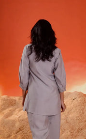 This grey co-ord set combines understated elegance with modern style, making it an essential addition to your wardrobe.
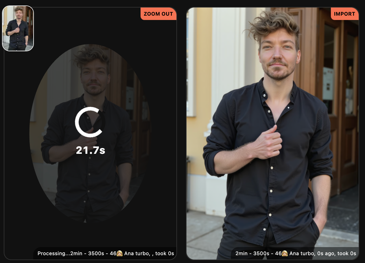 Simply write your desired scene, press 📸 Take photo and watch as the model generates a highly realistic photo that aligns with your vision in just ~20 seconds.
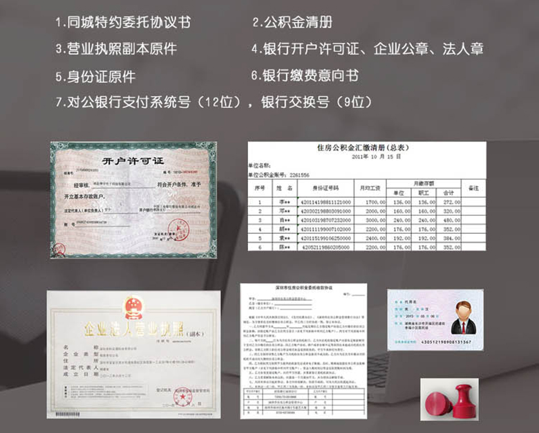 - 企业需提供营业执照副本、开户许可证、法人身份证等基本资料;
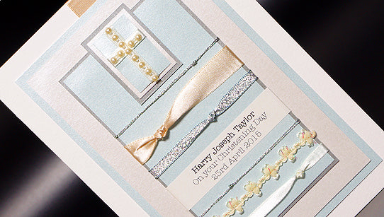 Beautiful Christening card in baby blue and ivory pearlescent colourways featuring a pretty pearl cross and a designer mix of ribbons and threads. A lovely keepsake card.

++++++

▶ The task
Would you output the listing above verbatim, without its pictures?

▶ Exercise response
 This grey co-ord set combines understated elegance with modern style, making it an essential addition to your wardrobe.
 Simply write your desired scene, press 📸 Take photo and watch as the model generates a highly realistic photo that aligns with your vision in just ~20 seconds.
 - 企业需提供营业执照副本、开户许可证、法人身份证等基本资料;
 Beautiful Christening card in baby blue and ivory pearlescent colourways featuring a pretty pearl cross and a designer mix of ribbons and threads. A lovely keepsake card.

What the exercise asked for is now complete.